Benchmarks in de wereld van taalmodellen zijn als gestandaardiseerde tests in het onderwijs. Een hoge SAT-score garandeert geen succes in elke studierichting. Evenzo garandeert een hoge benchmarkscore niet dat een model uitblinkt in elke taak. Hier is hoe je ze verstandig kunt interpreteren. 🧵
Drie soorten benchmarks zijn belangrijk voor Cline-gebruikers: > programmeercapaciteit - kan het code begrijpen en genereren? > domeinkennis - kent het jouw vakgebied? > toolgebruik - kan het werken met MCP-integraties? Verschillende benchmarks testen verschillende aspecten van intelligentie.
Voor codering: SWE-Bench springt eruit. Het test modellen tegen echte GitHub-issues van populaire open-sourceprojecten. Geen kunstmatige problemen - daadwerkelijke bugs en functies waar ontwikkelaars dagelijks mee te maken hebben.
Sterke SWE-Bench score = goed in het oplossen van bugs, implementeren van functies, refactoren van echte code.

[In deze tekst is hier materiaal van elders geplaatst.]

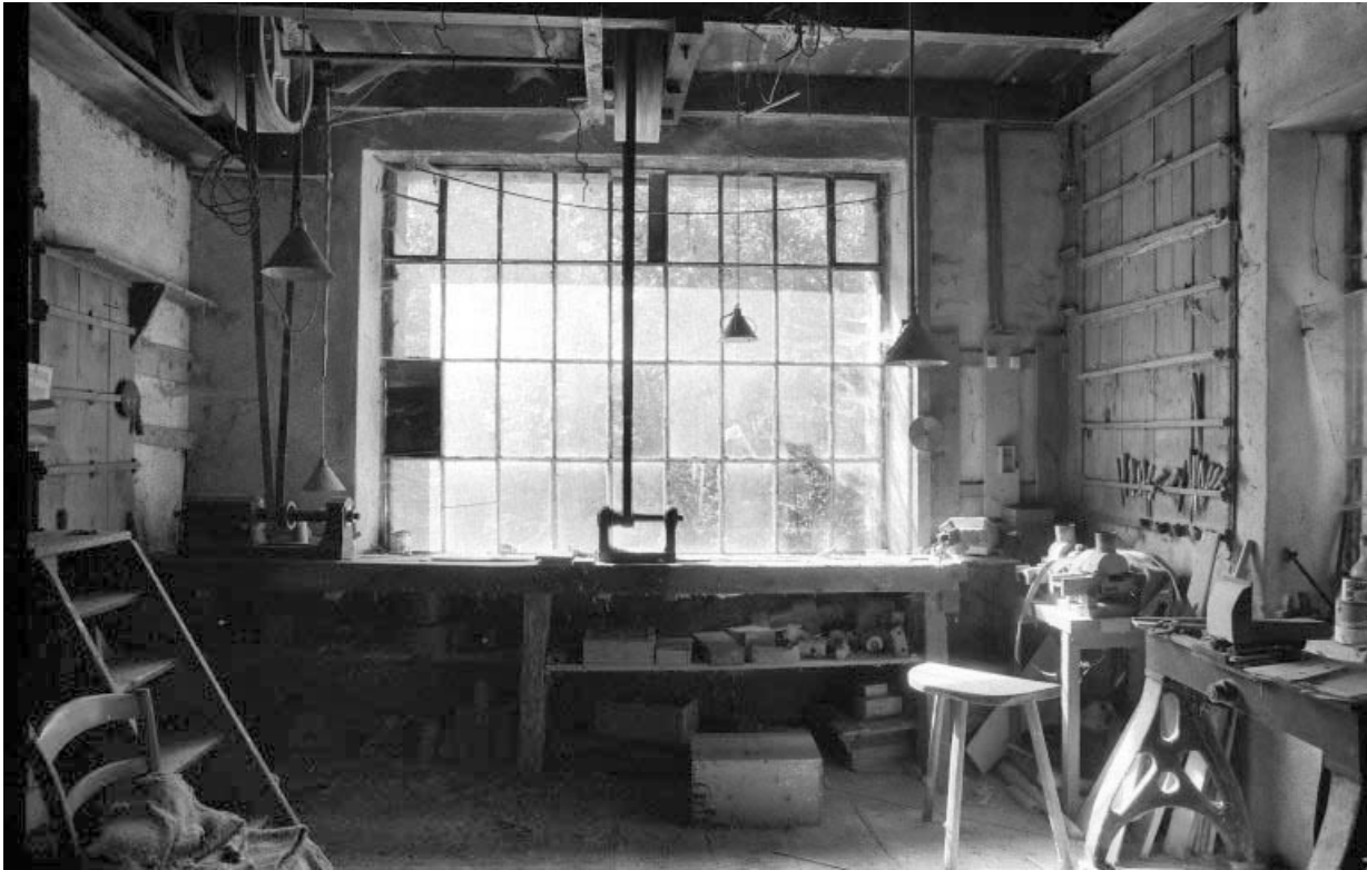
Intérieur d'un atelier de fabrication (bâtiment E).
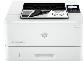
HP LaserJet Pro 4002dwe Printer

Esta es una impresora HP+. Requiere una cuenta HP, conexión a Internet permanente y el uso exclusivo de los cartuchos de Tóner Original HP durante la vida útil de la impresora. http://www.hp.com/plus-faq
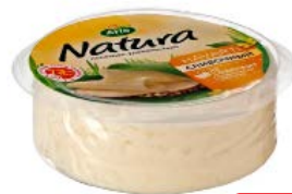
Сыр АРЛА НАТУРА сливочный 45%, 200 г
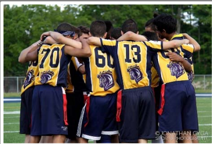
Collège Beaubois – Flag-football
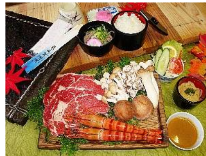
古代焼き石焼き料理
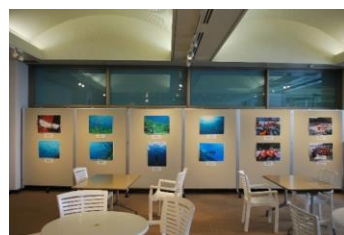
福井の海に親しむ会 写真展 「スノーケリングで見られる若狭の海の美しい景観と生きものたち」
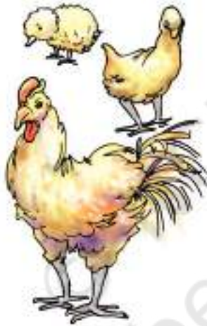
चित्र 9.11 एक चूजा वृद्धि कर वयस्क हो जाता है

क्या हम श्वसन के बिना जीवित रह सकते हैं? जब हम श्वास लेते हैं तो बाहर की वायु शरीर के अंदर
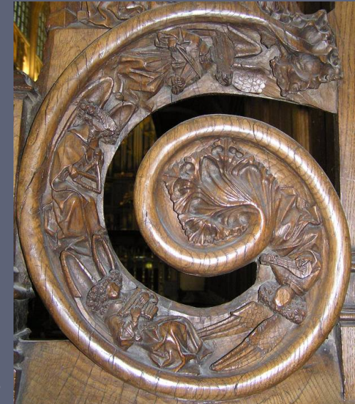
Jouée de stalles XVIe siècle
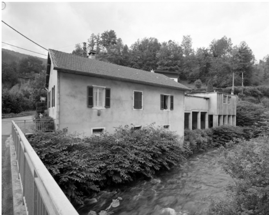
Façade sur l'Abîme de la maison et des remises à automobile.

39, Saint-Claude, 1, 3 rue du Moulin Neuf
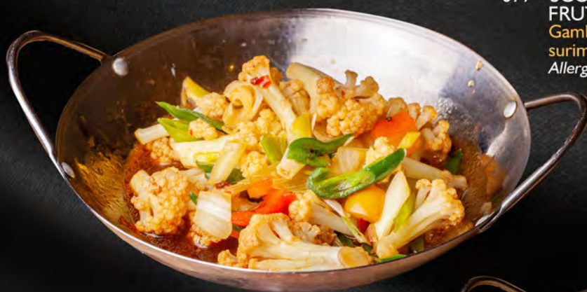
078 - SCODELLA DI FUOCO CON CAVOLFIORE € 7.00 Cavolfiore, cipolla, peperoni
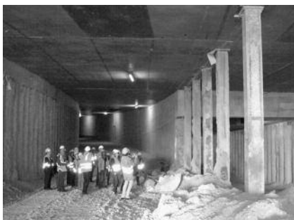
Eindrucksvolle Baustellenbesichtigung

Durch die Verlegung des Hauptverkehrs in die Tunnelebene können an
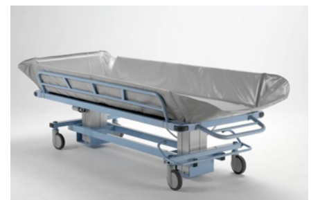
Kopfgitter herunter klappbar.

Domeinspecifieke benchmarks zijn belangrijk voor gespecialiseerd werk: • MMLU - 57 academische vakken (gezondheidszorg, financiën, wetenschap) • GPQA - Graduate-niveau biologie, natuurkunde, scheikunde • AIME - Geavanceerd wiskundig redeneren Bouw je gezondheidszorg-apps? Controleer de biologie-scores.
Financieel modelleren? Wiskundige prestaties zijn belangrijk. Benchmarking van toolgebruik test de mogelijkheden van MCP: Kan het model: • Toolaanroepen correct formatteren? • Geschikte tools kiezen? • Meerdere tools aan elkaar koppelen?
Kritisch voor Cline-opstellingen die gebruikmaken van webscraping, browserautomatisering of uitgebreide geheugensystemen.
De beperking: Benchmarks vertellen slechts een deel van het verhaal. Twee modellen met vergelijkbare SWE-Bench-scores kunnen op totaal verschillende gebieden uitblinken.